How much faster are CIDTs? CIDTs: 1-8 hours; Culture: more than 2 days (plus 1 to get PFGE pattern)

The consequences of increased use of culture-independent diagnostic tests (CIDTs) on disease surveillance are no longer theoretical, and FoodCORE centers are making changes to assure they can continue to efficiently identify and investigate enteric outbreaks.

What are culture-independent diagnostic tests?

Culture-independent diagnostic tests (CIDTs) are clinical tests that identify disease-causing pathogens to help clinicians quickly diagnose and treat illnesses. Hospitals and clinics use CIDTs because they’re less labor-intensive and provide results faster than traditional laboratory testing methods. Some CIDTs are capable of testing for more than 20 pathogens simultaneously in as little as an hour, compared to the days it takes to identify a single pathogen when using traditional bacterial culture tests. Public health laboratories are also beginning to use these rapid tests and finding ways to use the technology to improve outbreak surveillance, investigation, and response.

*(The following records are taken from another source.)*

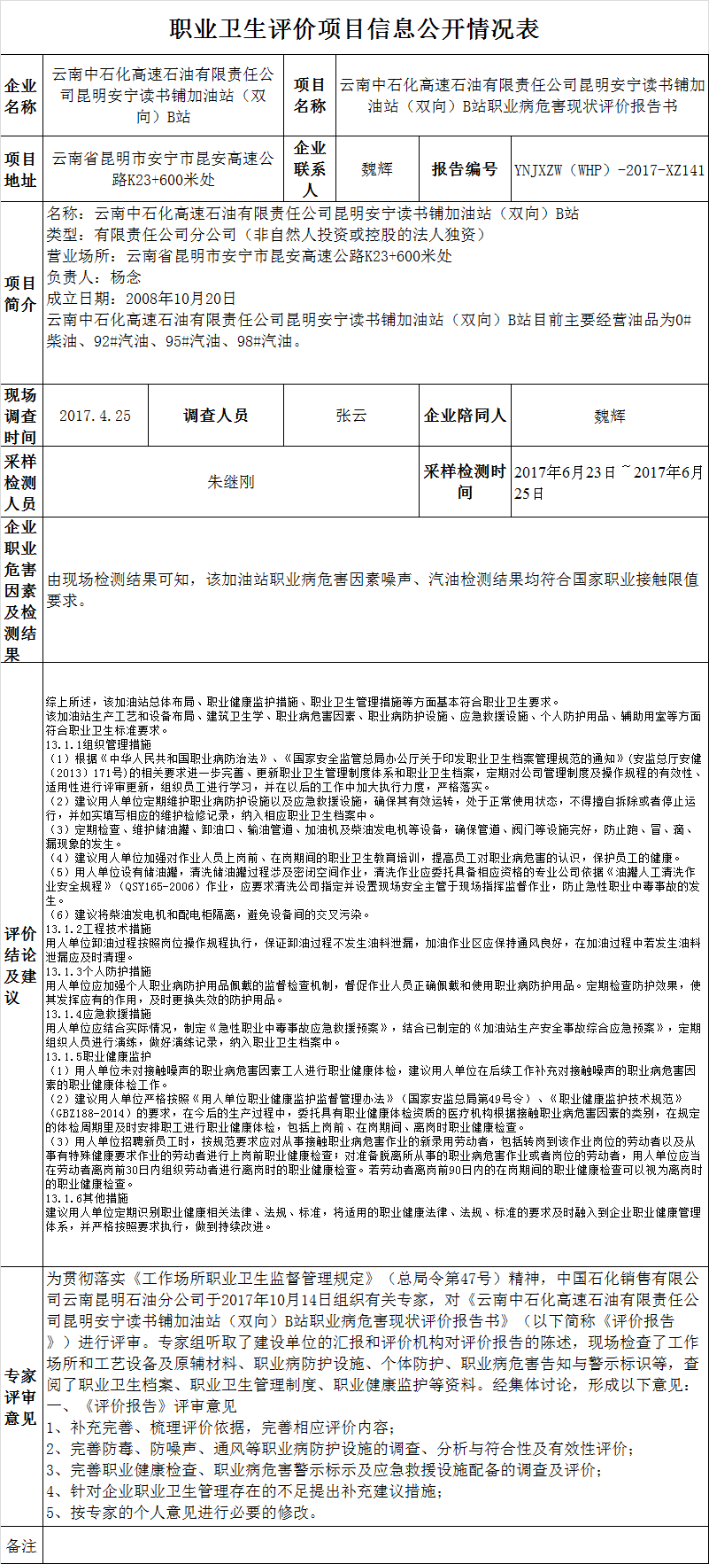 17-職業衛生(shēng)評價項目信息公開情況表YNJXZW(WHP)-2017-XZ141
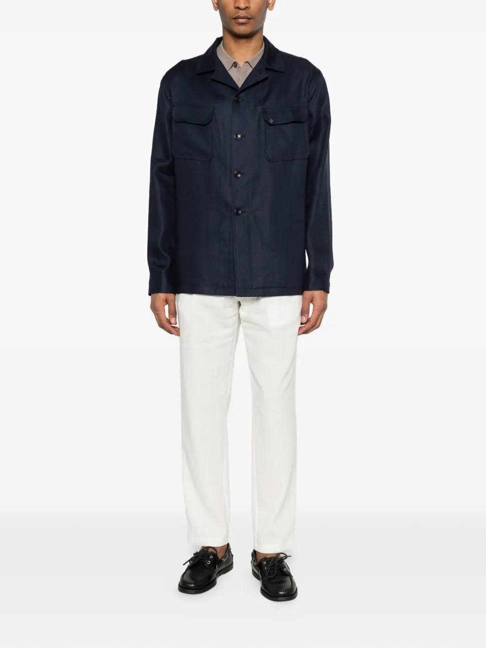 white button closure elasticated waistband pleated front
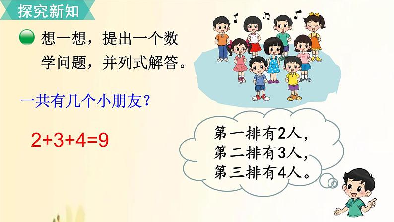 这是一份小学数学北师大版一年级上册乘车说课课件ppt,共12页。PPT课件主要包含了车上有7人,+35人,+27人,原有2人,+前门3人,+后门2人,+3+2,前门3人,+原有2人,车上有3人等内容,欢迎下载使用。
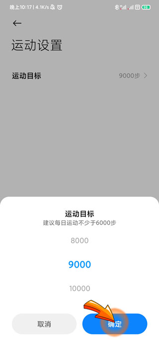 6、调整好每日运动目标步数后,点击页面右下角的“确定”选项即可。
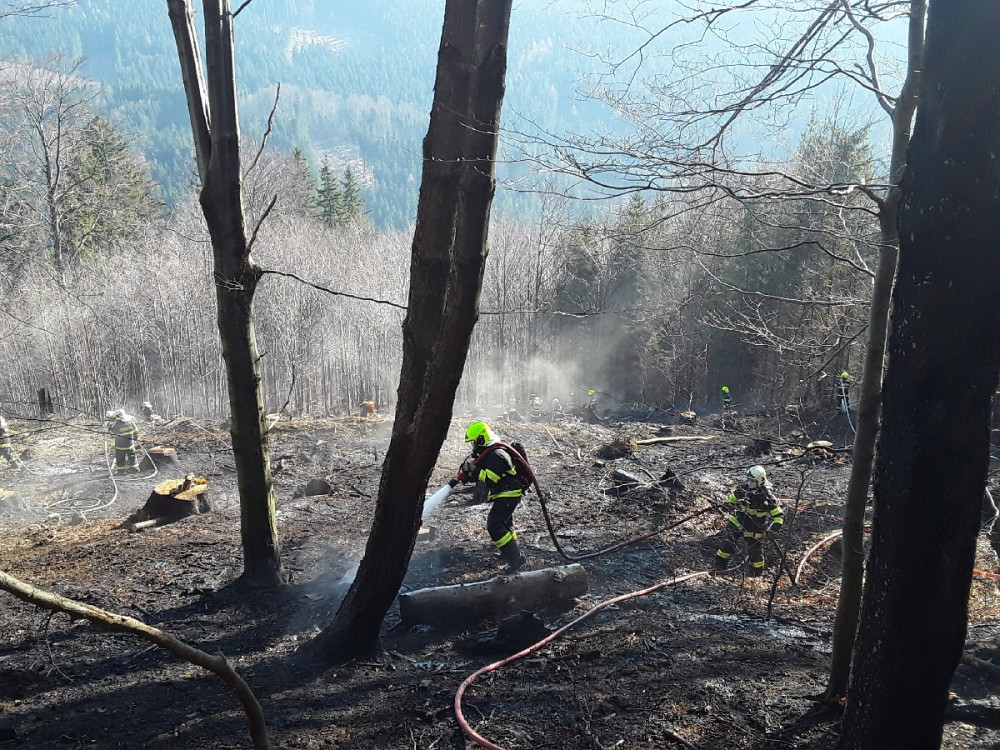 Požár lesa v Dětřichově, místní části Jeseníku, kde se tento týden v pondělí vymklo kontrole pálení klestí

“CIDTs can get the quick answers that doctors need and public health can use to help investigate outbreaks, but culture is necessary to subtype the pathogen, using PFGE or WGS, to identify an outbreak and to determine if the pathogen is resistant to antibiotics.”

-Dave Boxrud, MS
Molecular Epidemiologist, Minnesota Department of Health

Why are CIDTs a concern for public health?

CIDTs can improve the speed of diagnosis but may limit a public health lab’s ability to detect outbreaks because they do not provide isolates from bacteria grown in culture. Laboratories need isolates to conduct pulsed-field gel electrophoresis (PFGE) or whole genome sequence (WGS), laboratory methods which are used to link cases. Clusters are identified when a public health laboratory compares PFGE patterns or WGS sequences and finds two or more people infected with a bacteria with the same pattern or similar sequence. PFGE patterns and WGS sequences are like DNA fingerprints, so finding clusters of people infected with the same pattern or sequence means that those people likely got sick from a common source. Many clinical laboratories are primarily using CIDTs, shifting the time and resources needed for pathogen isolation by culture to public health laboratories, impairing prompt and thorough outbreak detection. Additionally, without isolates, laboratories can’t test pathogens for antibiotic resistance. Antibiotic resistance testing is not only important for public health surveillance, but also vital to ensure patients are treated effectively.

How are FoodCORE centers adapting to CIDT?

The increased use of CIDTs by hospitals and clinical laboratories means public health needs to adapt to accommodate the new technology. One approach has been to encourage clinics and hospitals to send clinical specimens (stool samples) to the state public health laboratory after they get a diagnosis using CIDT. Some jurisdictions, including some FoodCORE centers, have updated their laws and regulations to either require that clinical laboratories send CIDT-positive clinical specimens to the public health laboratory for culture or require that the clinical laboratory cultures specimens with positive CIDT results (this process is called reflex culture). Others are working to educate clinical laboratories on the importance of pathogen isolation. With this education, some clinics and hospitals now make it a priority to send clinical specimens to public health laboratories, and some are even willing to perform culture testing in addition to CIDTs to assist public health.

How have CIDTs helped FoodCORE centers?

Despite concerns about the impact of CIDTs on public health surveillance, they have proven to be useful for some public health needs. FoodCORE centers have used CIDT results to determine the cause of outbreaks that weren’t identified through routine clinical surveillance; to find outbreaks resulting from uncommon pathogens; and to provide information quickly to partners, the media, and the public.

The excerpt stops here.